The Government has assured MPs that Parliament will have to approve each 42 day extension, within 30 days of a request. That’s not much of an assurance if Parliament must meet at some point during that 30 day period, while someone languishes in a cell, without a charge to their name and that Parliament will not be privy to the full details of the case (understandable really, but its still a farce). An extension can be granted upon “reasonable suspicion”. So no proper evidence of a crime, just a thought that maybe the person has done something illegal? The burden of proof is far too low and available to abuse. Parliament having to deal with such a process would also mean the divide between the legislature and the judiciary being broken. This provision is a worrying idea which destroys key parts of our unwritten constitution and will allow abuse by the Governing party.
A part of the Government’s case has been the argument known as the “Armageddon Defence”, that is if Armageddon is to come surely we need all powers at hand just in case we need them.

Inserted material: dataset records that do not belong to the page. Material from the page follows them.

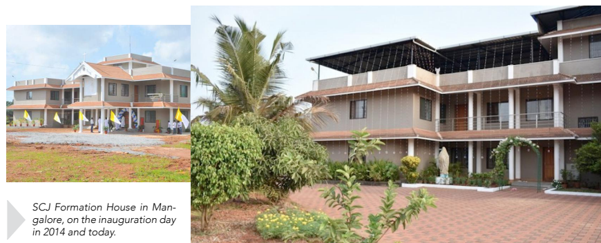
SCJ Formation House in Mangalore, on the inauguration day in 2014 and today.

The new house of formation, inaugurated on 10 September 2014, was dressed up for the feast. After the mass, the youths linked to our community offered biblical performances, dances and pantomime to all the guests: in the first row were the Sisters of the Apostolic Carmel who, in 1999, made available to the religious of Betharram the house of Maria Kripa. Also many lay people, parishioners and diocesan priests, were invited to
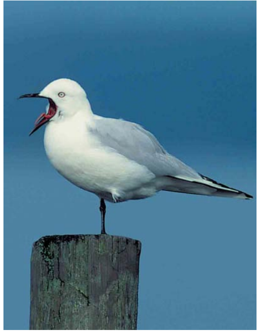
225 Red-billed Gull / Roodsnavelmeeuw Larus scopulinus , New Zealand, January 1997 (Theo Roersma) 226 Black-billed Gull / Zwartsnavelmeeuw Larus bulleri , New Zealand, January 1997 (Theo Roersma) 227 King Gull / Hartlaubs Meeuw Larus hartlaubii , Namibia, 30 March 1999 (Arnoud B van den Berg)
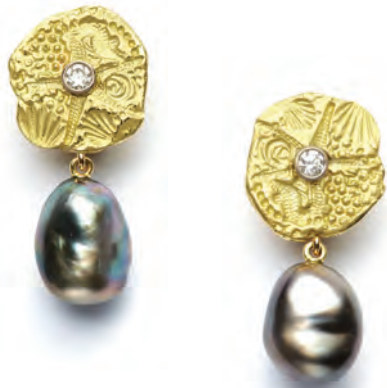
13. Tahitian Baroque Pearl Earrings 18kt Gold Starfish Disc with Diamond & Tahitian Baroque Pearl Earrings: $6,050
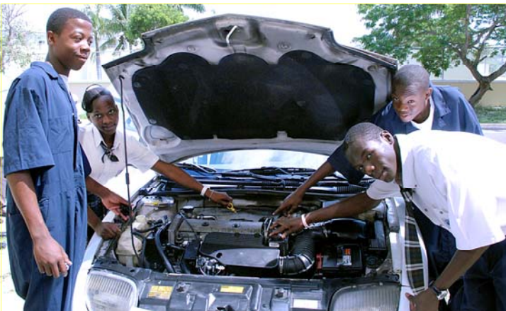
C. V. Bethel Senior High School's Technical students recently presented a car which they had repaired and refurbished over the past semester to the Department of Education.
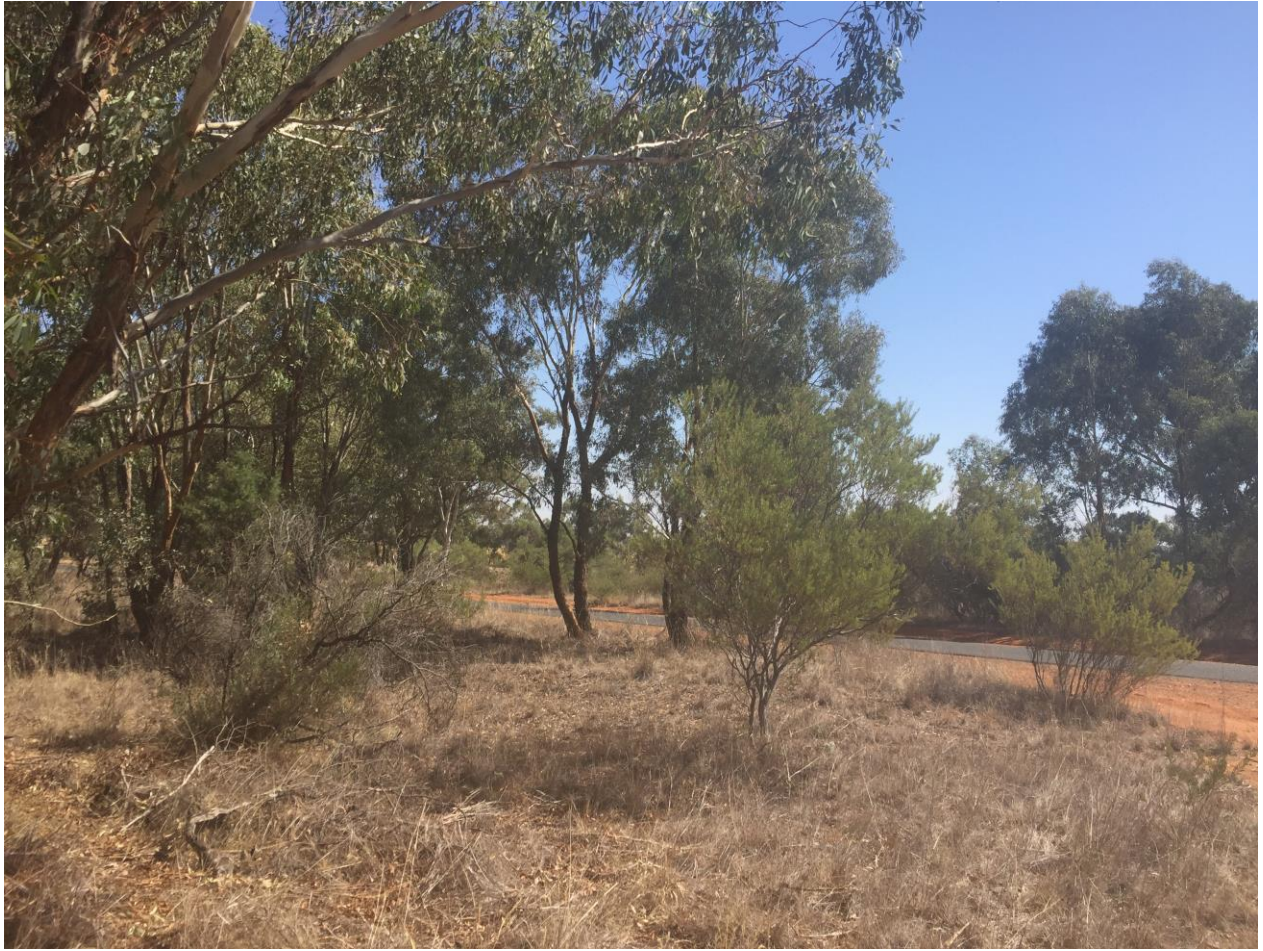
Photograph 4: Roadside vegetation adjoining Old Sydney Road at existing site entrance near transmission lines

Which is why the Government has the Civil Contingencies Act 2004. Its bringing up an extreme example to justify heavy actions. A desperate attempt to get support that is more of a sixth form debating tactic rather than parliamentary debating.
It has been a complaint long held by many brilliant MPs on both sides of the Commons that legislative scrutiny has rescinded in the past decade. When the Government get the First reading done, they already have the schedule for the progress of the Bill prepared so that they know exactly when the Bill will be debated and when the guillotine drops on them. The process leads to bad legislation.
As I have outlined, parts of this Bill will have a dramatic impact on this country and all with good intentions, but as anyone will point out, some of the worst horrors on the planet have been done with good intentions borne in mind.